[ExI] ants again

spike spike66 at att.net
Mon Sep 22 04:04:09 UTC 2008


 
Preface: after watching what happened, I am filled with such grudging
admiration for these millibeasts that I have half a mind to just go ahead
and sacrifice one of my trees and let them farm their damn aphids, even at
the expense of several oranges.

> ...On Behalf Of Mike Dougherty
> Subject: Re: [ExI] ants again
> 
> On Sun, Sep 21, 2008 at 1:27 PM, ben <benboc at lineone.net> wrote:
> > I think that you may well get no ants in the gak pit...

During the period in which the ants had free access to the ground, I
observed exactly three ants inside the gak pit: two ants walking about
inside and one that evidently perished in the tree and fell into the pit.
The dead one showed up within minutes of placing the cardboard under the
tree.  It landed already dead, curled into the fetal position, or rather the
larval position.  Don't know what happened to her.  Ant-erior lobe
hemorrhage?

> (What the hell is Gak, anyway??)

Gak is the hell a name I came up with a product the hell called Tanglefoot,
which is a sticky gooey substance that ants the hell can get their feet
stuck in when they attempt to walk over it.

> > Can you guess why?
> 
> free-range anteaters mistake the experiment for a free lunch?

Haaahahahaa!  {8-]  

No.  But the second part of my experiment may be ruined because I forgot to
control for ants coming in from the outside and getting stuck in the gak
ring.  I see ants currently stuck in the ring, but they appear to be facing
inboard, so I suspect they may have gotten gakked trying to break in.  In
fact I may need to start all over with a double ring, two concentric rings,
much larger for a better sample size.  Make the rings about a meter in
diameter, concentric, with only about a cm between the two.  Then the
outsiders will get stuck in the outer ring, and the fallers and jumpers will
get stuck in the inner ring.

Results so far of the second part of the experiment: the bridge has been
gone for almost all day, and no ants inside as of a few minutes ago.

So here's a question: will an ant starve with food in her paws?

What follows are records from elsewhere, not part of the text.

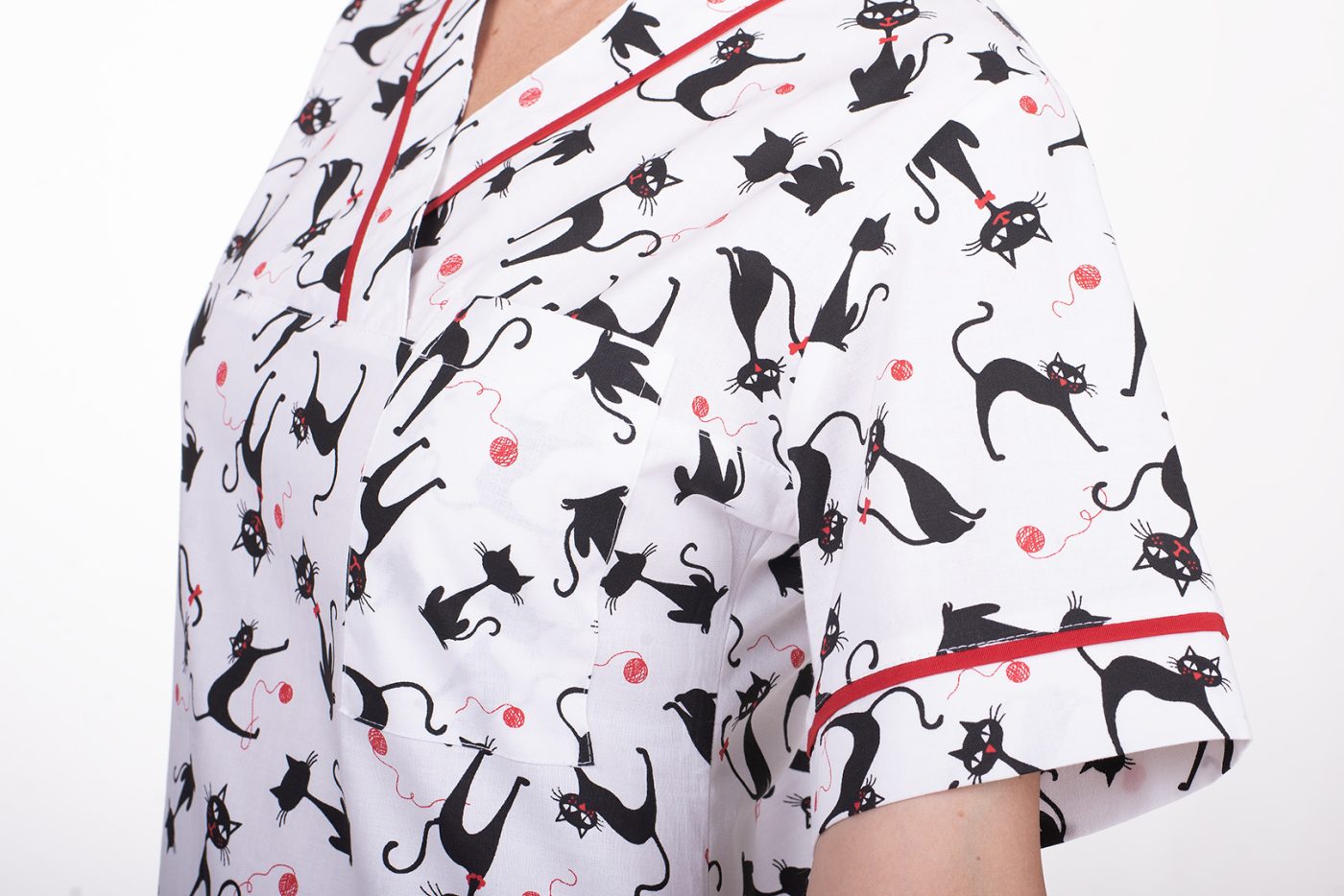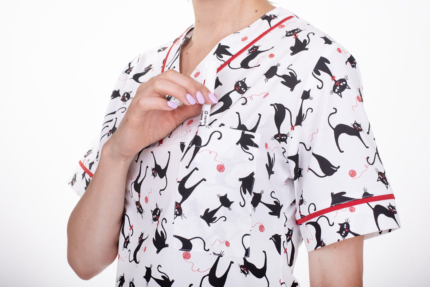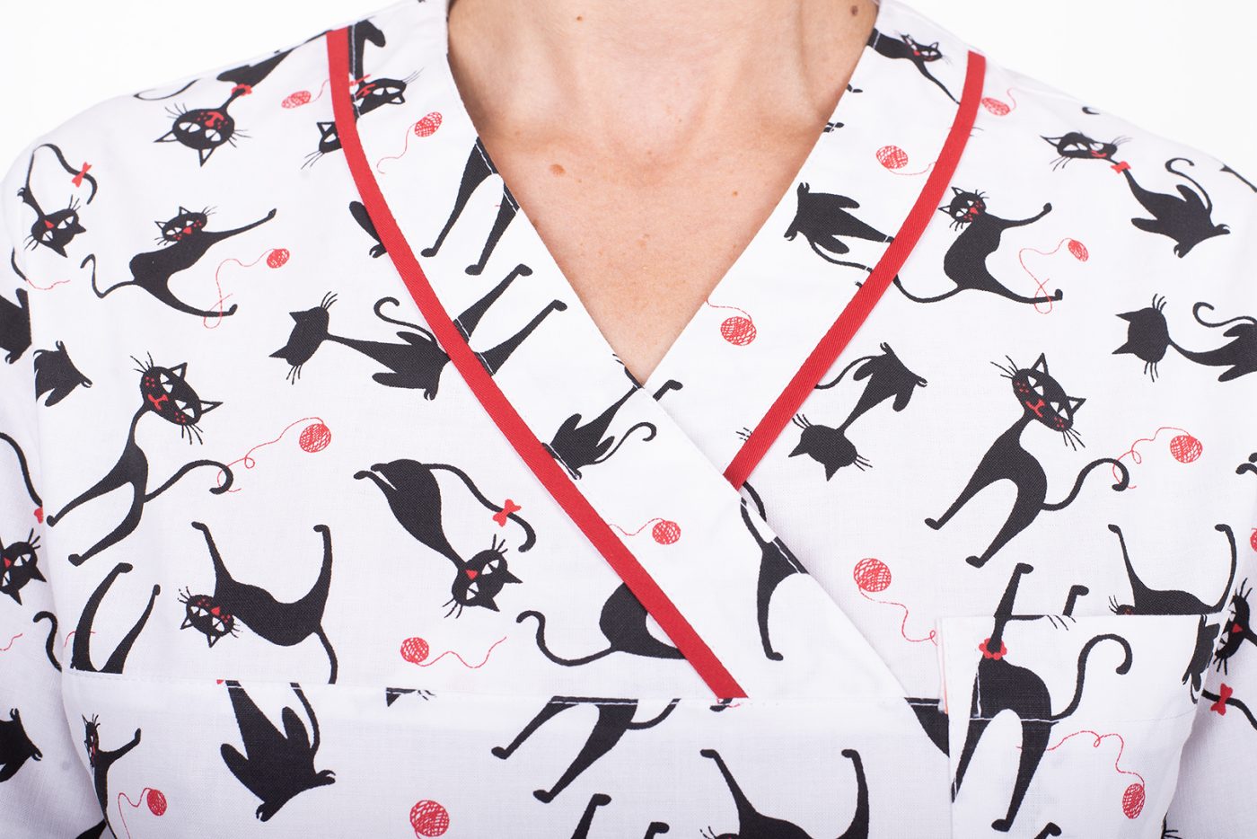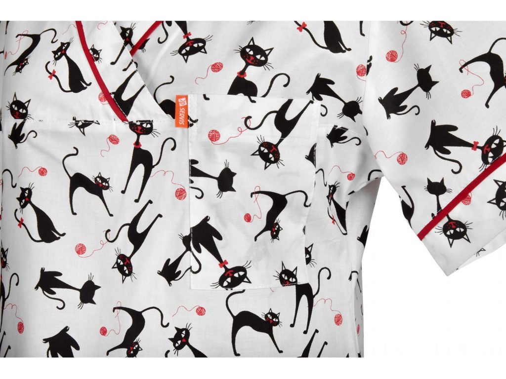 Originální motiv roztomilých koček na bílém podkladu působí přátelsky, svěže a vesele. Takový design ocení nejen zdravotníci pracující s dětmi, ale také v ambulancích, kde je důležitý pozitivní první dojem. Zdravotnické haleny s potiskem se tak stávají nejen nástrojem pohodlí, ale i prostředkem pro vytvoření příjemné atmosféry mezi personálem a pacienty.
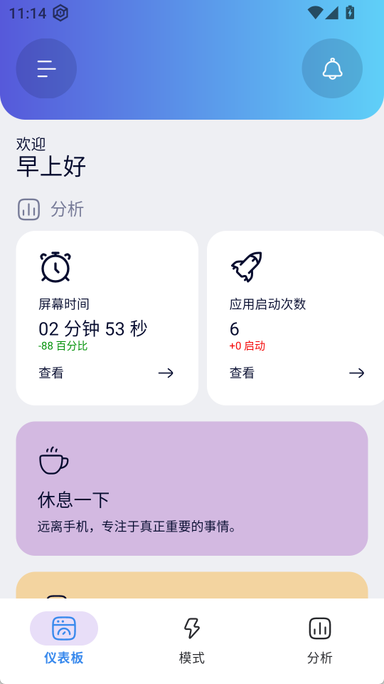 1、【仪表板】界面能查看亮屏时间、应用启动次数等信息
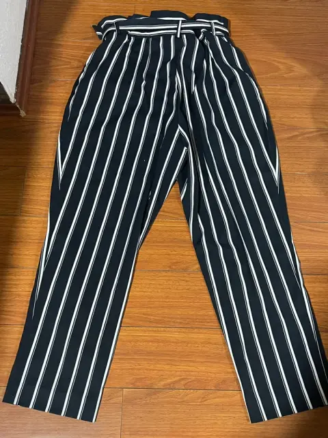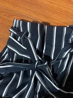 Pantalones capri rayados. Pantalones Con Cinturón de tela Con Estampado De Rayas. Talla 14 H&M. Medidas cintura 43cm, cadera 49cm, tiro 37cm, largo 109cm. Sin detalles. Azul marino con blanco.

If they do, it will explain how the ants all disappeared when isolated from
the ground before.  They starved and blew away in the breeze.  My reasoning
is that ants apparently run a very simple program: go into tree, get a ball
of nectar from an aphid, take it down underground to share with sisters,
rinse and repeat until dead.

If they get a ball of nectar but cannot return to the colony for whatever
reason, such as some yahoo took away the bridge, there is nothing in the
ant's programmed behavior that says anything about an if statement, such as:
if you get hungry, to hell with the colony, eat the nectar.  I suspect they
lack that piece of code.

If I observe that an ant will starve to death with a ball of nectar in her
paws, well hell, I will just give them back their gak bridge and let them
farm my tree to their hearts content, assuming ants have hearts and paws.